As of early November, Rocky Mountain National Park is already 3 good snow events into the middle of autumn. From a landscape photographers perspective, were more or less into the winter season. The snow is going to stay on the high peaks from now until June and the lakes will remained covered in ice through May,June and July depending on their elevations.
One can still find a few open pockets of water here and there and with a few warm days thrown in here and there, it may remain so for some of November. It’s an interesting time of year to photograph Rocky Mountain National Park. The crowds are gone and so are many of the photographers who make their appearances each fall for the fall colors and elk rut.

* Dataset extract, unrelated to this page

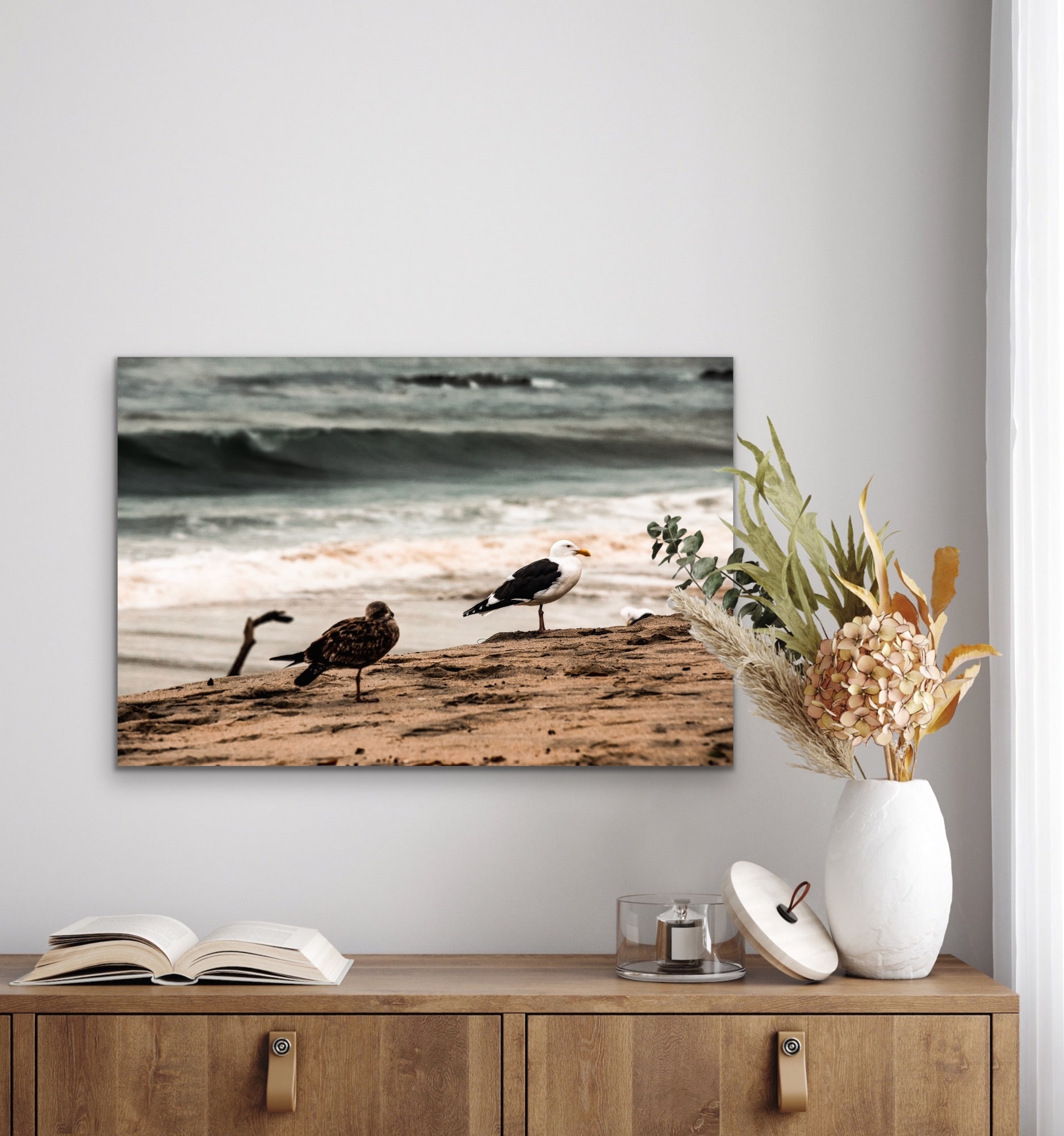 The enchanting allure of avian life along the sandy shores. Against the backdrop of the vast ocean expanse, delicate seabirds grace the beach with their presence, their graceful movements painting the air with a sense of tranquility and freedom

Even though much of the park is now frozen and or snow covered, I enjoy shooting in Rocky this time of year. Sunrises and sunsets can be amazing this time of year. In fact the quality of light with the low sun angle is spectacular. Get the right conditions and you may be able to photograph one of the most colorful sunrises or sunsets all year.
November is also a great time of year to capture winter landscapes. The caveat with photographing winter scenes in Rocky is always the timing. On account of the winds and sun, the snow wont hang around very long on the pine trees, or ice covered surfaces of the lakes. One needs a little bit of luck regarding the timing of the storm and what time it exits the area and brings in high winds on the backside of the front and sun which quickly melts snow even in the middle of winter.
Overall, November can be a very exciting time to photograph Rocky. You get a little bit of everything this time of year without the crowds found during the summer months. On top of that, sunrises and sunsets are some of the best and a well timed snowstorm is always a possibility as we move through the brown season into the winter season in RMNP.